Paranoïa
Pendant des nuits, elle raconte sa vie, ses ressentis. Elle parle de l’actualité et y ajoute ses impressions. Semble-t-il, tout ne tourne pas rond. « Ils » ont beaucoup d’influence sur elle. « Ils » la traquent. Face à sa webcam, elle déballe tout ce qu’elle a sur le coeur. Pendant plusieurs fois 15 minutes. Elle répond aux commentaires sous la vidéo. La réaction des spectateurs était partagé. À mi-chemin entre la gêne et l’hilarité. Il faut dire qu’elle a beaucoup d’imagination. Un peu trop même. Elle mélange DSK, son ex-mari et des noms d’anonymes. Elle mêle sa vie à un vaste complot mondial. Et le monde entier est spectateur.
Quelques jours plus tard, le compte est fermé.
Obsession
Ailleurs, c’est une autre femme. Elle a rapidement compris les rouages du réseau. Elle poste régulièrement. Elle répond. Elle envoie des messages privés. Et dans sa tête, une ou deux obsessions. Ne pas être contredite. Séduire cet homme. Elle use de tous les stratagèmes. Aussi bien en ligne qu’hors-ligne. Elle ment, effrontément. Plus c’est gros, plus ça passe. Et elle prend le statut de la victime, qui fait écran pendant de nombreux mois.
Et puis un jour, le compte est muet.
Discussion
Selon Dominique Dupagne, le clavier et l’écran enrobent d’un « sentiment de protection » la discussion. C’est bien plus simple de parler avec d’autres gens derrière un ordinateur. D’ailleurs, un des premiers forums qu’on lui a demandé de créer sur atoute.org est réservé aux personnes souffrant de schizophrénie. C’est un « espace où ils se sentent libres de communiquer ».
De manière générale, quand quelqu’un est différent, quand il n’est pas normal, on le rejette. Internet gomme ces différences. On peut se fondre dans la masse et paraître normal.

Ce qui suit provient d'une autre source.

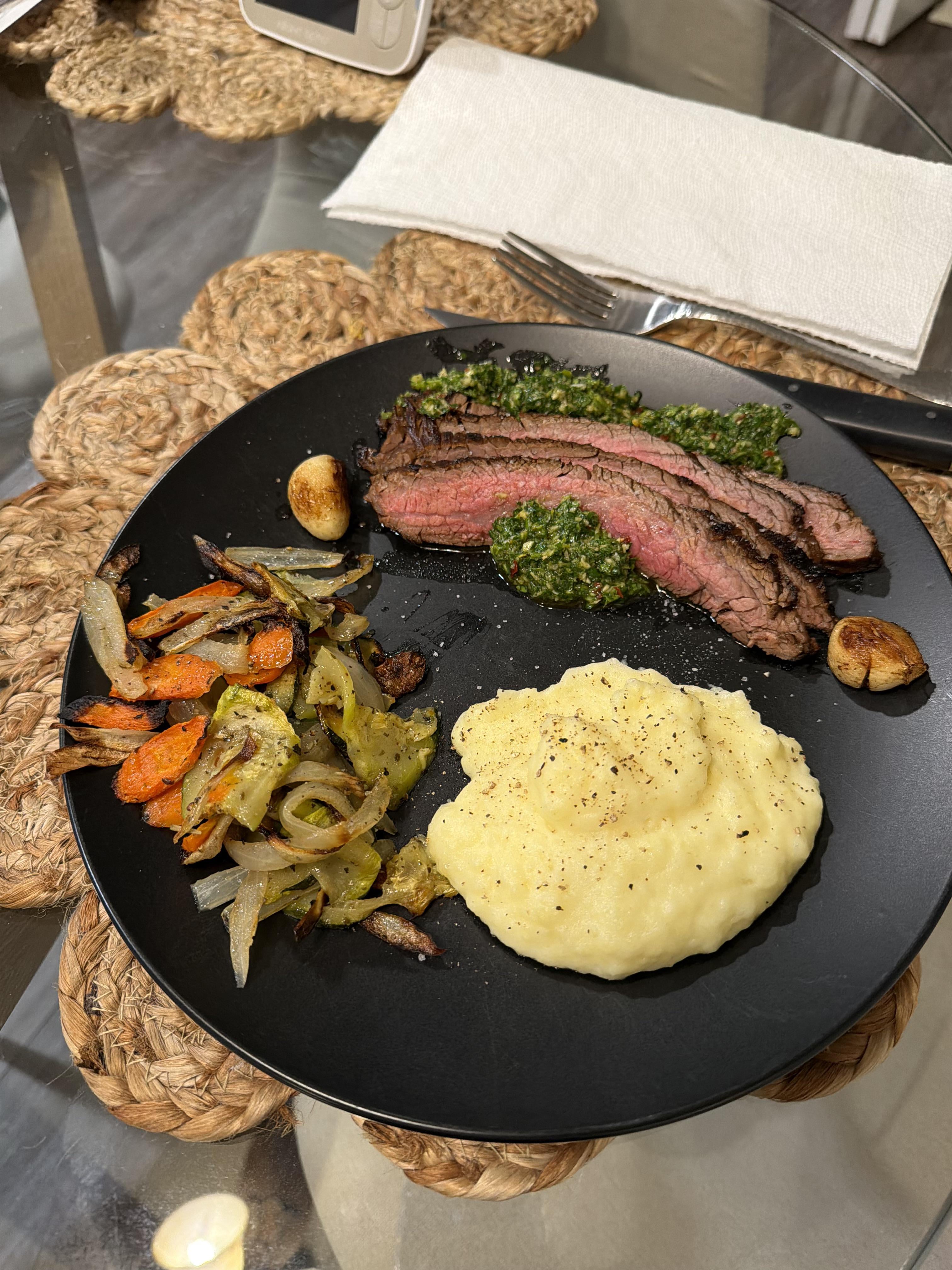 Husband’s “throw together” meal- Steak, chimichurri, mashed potatoes, and roasted veggies by secretjanee Dinner Tonight Tonight's Dinner

Sur Internet, on ne sait pas que vous êtes fou. Du moins, pas au premier coup d’oeil. On ne sait pas non plus que vous êtes vieux. Permettre d’accepter tout le monde, sans le juger au premier abord est peut-être la première qualité d’Internet. Accueillir dans le réseau les invisibles et les traiter comme n’importe qui.